The perceptions of nature found among indigeneous peoples and tribal societies have provided us with rich notions of alternatives. These are, however, commonly marketed in a specific ideological pursuit and thus entangled with a continuing critique of western culture. Native American beliefs and myths, for instance, have greatly inspired radical environmentalists; the founders of Greenpeace saw themselves as the Rainbow Warriors who, according to a Cree myth, would come to the Indians rescue and teach the white man reverence for the earth (Brown and May 1991:13).2
By the same token, Asian perceptions, particularly as they are articulated in Daoism, Buddhism and Hinduism, have been extensively used for similar purposes. In popular literature on ecology, allusions to Asian philosophies as a remedy for environmental ills are widespread. While natural scientists have repeatedly pointed to parallels between the new physics and biology, on the one hand, and eastern philosophies on the other, others from rebellious youths with only a rudimentary understanding of Oriental cultures to more sophisticated proponents of deep ecology have incorporated Asian ideas more or less critically into their world-views. An underlying assumption in much of this work is that Asian cosmologies have made Asian peoples more successful than others in taking care of nature, and Hargrove (1989) therefore laments that we have not given Asian perceptions the attention they deserve.

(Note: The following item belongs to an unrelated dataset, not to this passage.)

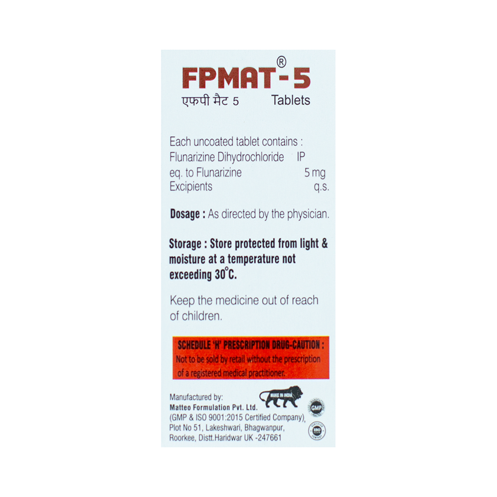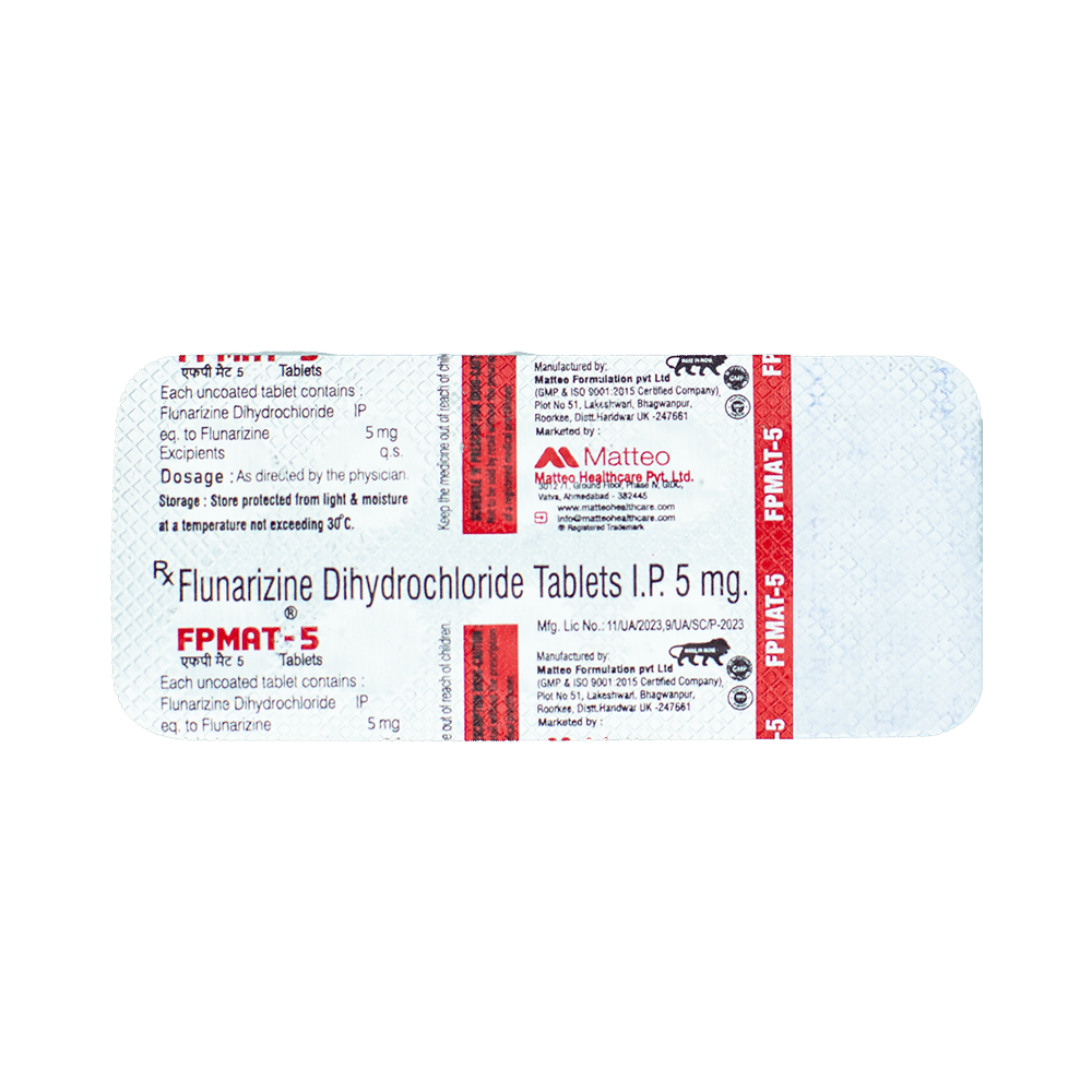 Fpmat 5 Tablet is a medicine used for the prevention of migraines. However, it cannot treat an acute attack and will only work to prevent migraines for as long as you continue to take the medicine. This medicine relaxes the brain, preventing migraine headaches. Fpmat 5 Tablet may be taken with or without food. However, it is advised to take it at the same time each day, as this helps maintain a consistent level of medicine in the body. Do not skip any doses, and finish the full course of treatment even if you feel better. If you have missed a dose, take it as soon as you remember. You should continue to take this medicine for as long as the doctor advises and do not stop taking it suddenly.Side effects associated with the use of Fpmat 5 Tablet include muscle pain, fatigue, constipation, nausea, insomnia (difficulty sleeping), and a runny nose. Some other side effects that may be seen on taking this medicine are increased appetite, depression, stomach discomfort, and breast pain.Fpmat 5 Tablet may also cause sleepiness at the beginning of your treatment, so do not drive or operate machinery until you know how this medicine affects you. It may also cause weight gain, and to prevent it, you can eat a healthy, balanced diet and exercise regularly. This medicine may cause changes in your mood, and you may feel depressed; therefore, regular monitoring of behavior is important. Pregnant or breastfeeding mothers should consult their doctor before taking this medicine.

However, many anthropologists, geographers, sociologists and others doing fieldwork in Asia have noticed that Asian philosophies and cosmologies seem to have had little effect in preventing over exploitation of soils, over-grazing, erosion, deforestation, pollution of waters and other environmental disasters by which a number of Asian societies are acutely threatened. Nor can it be claimed that environmental degradation is a new phenomenon in Asia (cf. Simmons 1989; Totman 1989). It was against this background that we wanted to take a closer look at Asian attitudes to nature. The studies presented here address a series of issues related to perception of nature, attitudes to environmental change, and the use of natural metaphors across the Asian world. The collection of essays jointly promotes a more critical approach to the study of perceptions of nature in general. We wish to provide a new perspective to the myths of western dominance of nature; particularly, we wish to confront what has become established as the counter-myth of a prevailing Asian ecology-mindedness. However, it is beyond the scope of this collection of essay to analyse the processes behind the construction of such myths and their function in the western debate on man and environment. Nor is it our aim to depreciate Asian philosophy and thought; intellectual production in all parts of the world are valuable in redefining the manenvironment relation.